## Prompt:
Report the count of lines containing the word "they" in these records, with no other text.

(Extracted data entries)
= = = = =

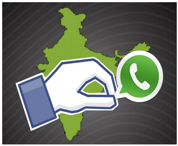
Figure 15. Map of India with Facebook and WhatsApp images.

Similarly, Indians have used Facebook owned WhatsApp to fuel vigilante behaviour. The government have attempted to intervene over privacy settings. India has over 400 million users of WhatsApp, the platforms largest market, the communications service used by approximately one-third of the planet (Iqbal, 2021). As with the UK, if the police are under resourced, people feel the right to take things into their own hands with an overt lack of faith in the legal criminal justice system. This leads to a form of machinic enslavement, informational technology a human-machine system (Deleuze and Guattari, 2011 506). Children are kidnapped to steal their organs and hoax videos are spread on Facebook and WhatsApp, such as false allegations of child sexual abuse. This form of communication technology breeds intimacy, fuels emotion, and spreads fear. Often here people have no other mechanism to examine the evidence to see what is true. One way of tackling this is to limit the number of people allowed in Whatsapp groups, this being five in India.
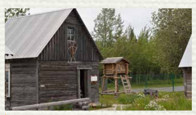
Historic Cabin Park, located in Old Town Kenai.

"Kids didn't want to learn before, but now they all want to learn. So they come to me to learn how to fillet the fish, what to keep, what to throw away, how to brine, how long to smoke it. It's all a big process of learning."
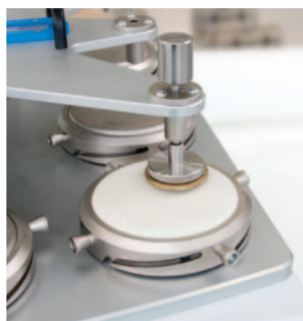
Example of 1-position sample holder for socks & hosiery
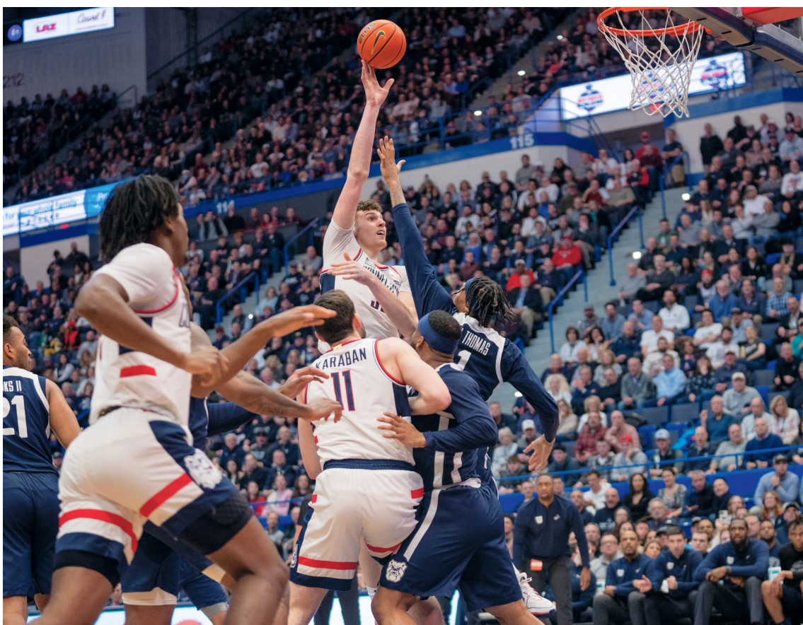
UConn Men's Basketball wins against Butler at the XL center with a score of 72-61. This was the team's 11th straight win.

With the No. 1 team in the nation playing to their identity, they walked into the locker room up 52-28. The large Husky crowd in attendance had seen an incredible showing, from plenty
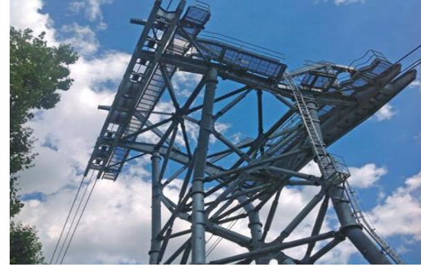
FANSIPAN Slings Project - SunGroup
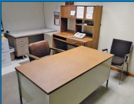
Partial View Office Furniture
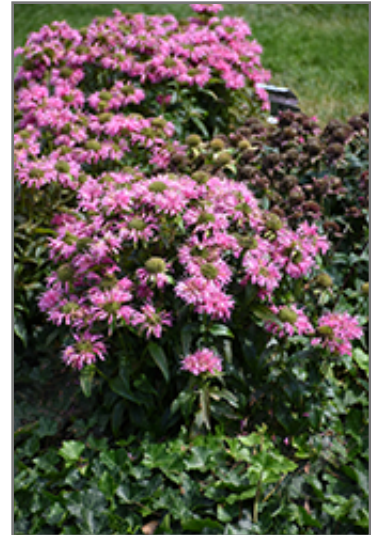
Pardon My Pink Beebalm in bloom
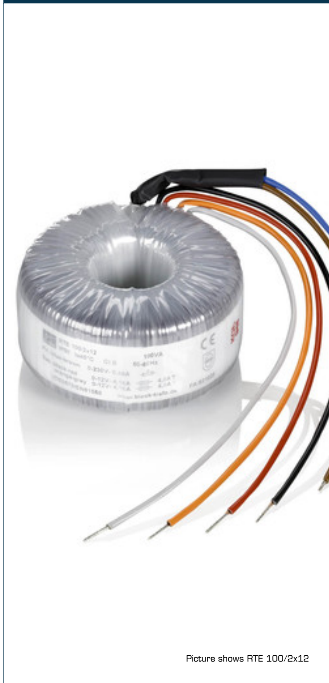
Picture shows RTE 100/2x12
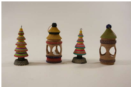
Turner of the month -

= = = = =

## Solution to the problem:
2